5.4.2. Check capability statistics within each cluster group

We also digged into the average capability statistics within each cluster group to learn about the feature of each group.

superheros_clean |>
  group_by(cluster) |>
  summarise(
    intelligence_mean = mean(intelligence, na.rm = TRUE),
    intelligence_sd = sd(intelligence, na.rm = TRUE),
    strength_mean = mean(strength, na.rm = TRUE),
    strength_sd = sd(strength, na.rm = TRUE),
    speed_mean = mean(speed, na.rm = TRUE),
    speed_sd = sd(speed, na.rm = TRUE),
    durability_mean = mean(durability, na.rm = TRUE),
    durability_sd = sd(durability, na.rm = TRUE),
    power_mean = mean(power, na.rm = TRUE),
    power_sd = sd(power, na.rm = TRUE),
    combat_mean = mean(combat, na.rm = TRUE),
    combat_sd = sd(combat, na.rm = TRUE),
    height_mean = mean(height_cm, na.rm = TRUE),
    height_sd = sd(height_cm, na.rm = TRUE),
    weight_mean = mean(weight_kg, na.rm = TRUE),
    weight_sd = sd(weight_kg, na.rm = TRUE)
  ) |>
  pivot_longer(-cluster, names_to = c("variable", ".value"), names_sep = "_") |>
  mutate(mean_sd = paste0(round(mean, 2), " (", round(sd, 2), ")")) |>
  dplyr::select(variable, cluster, mean_sd) |>
  pivot_wider(names_from = cluster, values_from = mean_sd, names_prefix = "cluster") |>
  kable()

variable	cluster1	cluster2	cluster3
intelligence	67.3 (18.18)	64.16 (22.83)	62.77 (19.05)
strength	63.93 (28.43)	76.31 (26.18)	19.15 (15.04)
speed	54.56 (25.02)	43.06 (17.41)	28.38 (14.3)
durability	80.62 (17.83)	85.72 (19.8)	38.65 (19.79)
power	81.31 (23.54)	71.81 (28.23)	49.62 (25.07)
combat	68.07 (19.15)	69.47 (20.79)	59.68 (24.07)
height	184.7 (15.56)	238.72 (46.7)	175.79 (15.58)
weight	111.26 (56.52)	412.97 (180.88)	74.5 (24.59)

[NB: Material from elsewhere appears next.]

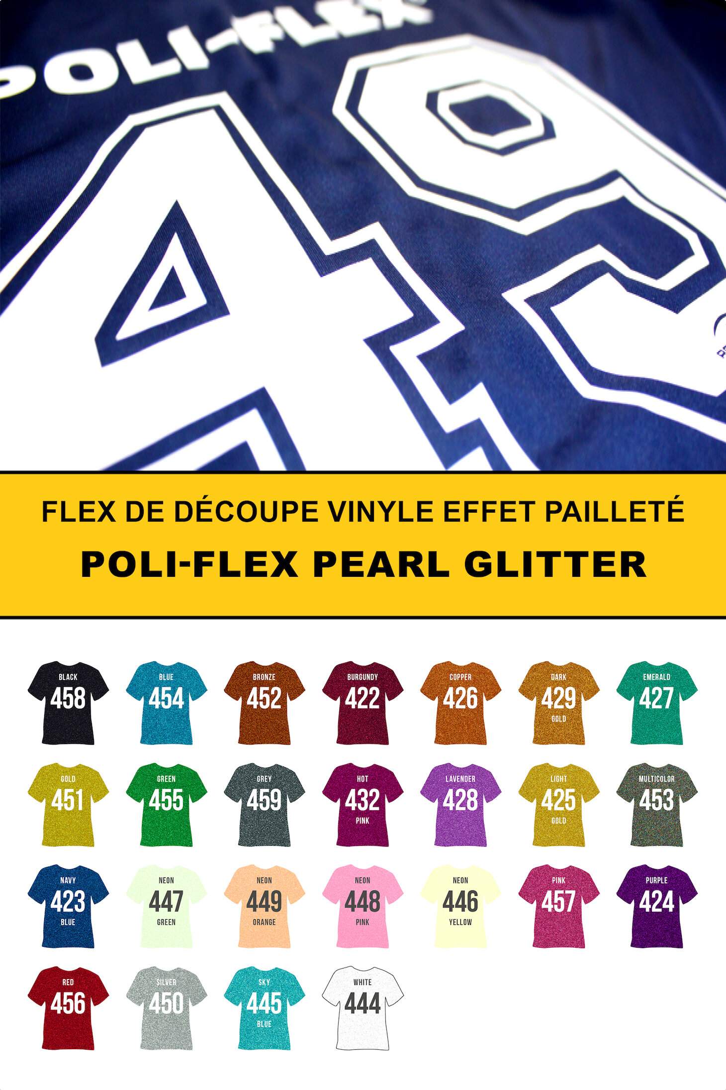Adhesive glitter effect vinyl cutting flex. Heat-bonded copolyester / thickness [mm]: 0.34 +/- 10 % / coating: PET film, self-adhesive. Transfer conditions: temperature: 160 °C / pressure: 2.5 bar [medium pressure] / time: 15 sec. Washing: 60 °C / clean inside out / suitable for machine drying. Technical details in the PDF file. Features: - Manufacturer: POLI-TAPE - 1 size(s) to choose from: 1mx50cm - 25 color(s) : pearl_glitter_black - pearl_glitter_blue - pearl_glitter_bronze - pearl_glitter_burgundy - pearl_glitter_copper - pearl_glitter_dark_gold - pearl_glitter_emerald - pearl_glitter_gold - pearl_glitter_green - pearl_glitter_grey - pearl_glitter_hot_pink - pearl_glitter_lavender - pearl_glitter_light_gold - pearl_glitter_multicolor - pearl_glitter_navy_blue - pearl_glitter_neon_green - pearl_glitter_neon_orange - pearl_glitter_neon_pink - pearl_glitter_neon_yellow - pearl_glitter_pink - pearl_glitter_purple - pearl_glitter_red - pearl_glitter_silver - pearl_glitter_sky_blue - pearl_glitter_white

The table presents the average values (with standard deviations) of several attributes for superheroes categorized into three clusters. Each row represents a different variable, including intelligence, strength, speed, durability, power, combat, height, and weight. Cluster 1, characterized by moderate values for most attributes, shows relatively balanced abilities, particularly in intelligence and power. Cluster 2 displays the highest average values for strength, durability, height, and weight, indicating that members of this cluster are likely to be physically dominant. Conversely, Cluster 3 exhibits lower values for attributes like strength, speed, and weight, suggesting that the superheroes in this cluster might rely less on physical prowess compared to the other clusters.

5.4.3. Radar Plot!

The radar plot below is a visualization of superhero 6 capabilities values in each group from the previous section.

library(fmsb)
cluster_averages <- superheros_clean |>
  group_by(cluster) |>
  summarise(
    intelligence = mean(intelligence, na.rm = TRUE),
    strength = mean(strength, na.rm = TRUE),
    speed = mean(speed, na.rm = TRUE),
    durability = mean(durability, na.rm = TRUE),
    power = mean(power, na.rm = TRUE),
    combat = mean(combat, na.rm = TRUE)
  )

radar_data <- as.data.frame(cluster_averages)
radar_data <- radar_data[, -1]

radar_data <- rbind(rep(100, 6), rep(0, 6), radar_data)

colors_border <- c('#f08080', '#90ee90', '#87cefa')
colors_in <- c('#ffcccb', '#c6e7c6', '#b0e0e6')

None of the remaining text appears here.